(SOURCE DATA):
..........

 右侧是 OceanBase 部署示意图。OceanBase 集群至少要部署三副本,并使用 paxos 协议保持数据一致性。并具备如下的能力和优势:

..........

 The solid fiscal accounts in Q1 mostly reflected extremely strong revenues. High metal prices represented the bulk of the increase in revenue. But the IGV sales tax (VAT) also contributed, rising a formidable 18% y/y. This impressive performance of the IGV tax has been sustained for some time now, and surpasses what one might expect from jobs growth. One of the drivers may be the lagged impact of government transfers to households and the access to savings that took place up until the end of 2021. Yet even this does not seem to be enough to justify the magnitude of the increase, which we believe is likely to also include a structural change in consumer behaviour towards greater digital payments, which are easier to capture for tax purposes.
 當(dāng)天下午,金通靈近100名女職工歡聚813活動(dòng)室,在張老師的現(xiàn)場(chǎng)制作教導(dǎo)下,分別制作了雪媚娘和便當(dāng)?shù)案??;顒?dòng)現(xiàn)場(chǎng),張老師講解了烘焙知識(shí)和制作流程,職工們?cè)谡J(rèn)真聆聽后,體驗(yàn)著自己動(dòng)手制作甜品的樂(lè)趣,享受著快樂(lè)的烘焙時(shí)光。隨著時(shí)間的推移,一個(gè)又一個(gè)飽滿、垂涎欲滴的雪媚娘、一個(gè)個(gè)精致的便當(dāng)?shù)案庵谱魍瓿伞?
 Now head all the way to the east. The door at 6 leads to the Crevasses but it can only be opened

..........

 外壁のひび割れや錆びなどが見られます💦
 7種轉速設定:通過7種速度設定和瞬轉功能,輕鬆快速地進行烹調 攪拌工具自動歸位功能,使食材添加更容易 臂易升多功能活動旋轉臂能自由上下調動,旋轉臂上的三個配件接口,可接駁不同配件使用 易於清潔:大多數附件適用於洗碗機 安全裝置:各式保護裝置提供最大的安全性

..........

(EXERCISE): Print, from the entries above, the line with "The solid fiscal", the line with "當(dāng)天下午,金通靈" and all lines between them, exactly and with nothing else.

(EXERCISE OUTPUT):
 The solid fiscal accounts in Q1 mostly reflected extremely strong revenues. High metal prices represented the bulk of the increase in revenue. But the IGV sales tax (VAT) also contributed, rising a formidable 18% y/y. This impressive performance of the IGV tax has been sustained for some time now, and surpasses what one might expect from jobs growth. One of the drivers may be the lagged impact of government transfers to households and the access to savings that took place up until the end of 2021. Yet even this does not seem to be enough to justify the magnitude of the increase, which we believe is likely to also include a structural change in consumer behaviour towards greater digital payments, which are easier to capture for tax purposes.
 當(dāng)天下午,金通靈近100名女職工歡聚813活動(dòng)室,在張老師的現(xiàn)場(chǎng)制作教導(dǎo)下,分別制作了雪媚娘和便當(dāng)?shù)案??;顒?dòng)現(xiàn)場(chǎng),張老師講解了烘焙知識(shí)和制作流程,職工們?cè)谡J(rèn)真聆聽后,體驗(yàn)著自己動(dòng)手制作甜品的樂(lè)趣,享受著快樂(lè)的烘焙時(shí)光。隨著時(shí)間的推移,一個(gè)又一個(gè)飽滿、垂涎欲滴的雪媚娘、一個(gè)個(gè)精致的便當(dāng)?shù)案庵谱魍瓿伞?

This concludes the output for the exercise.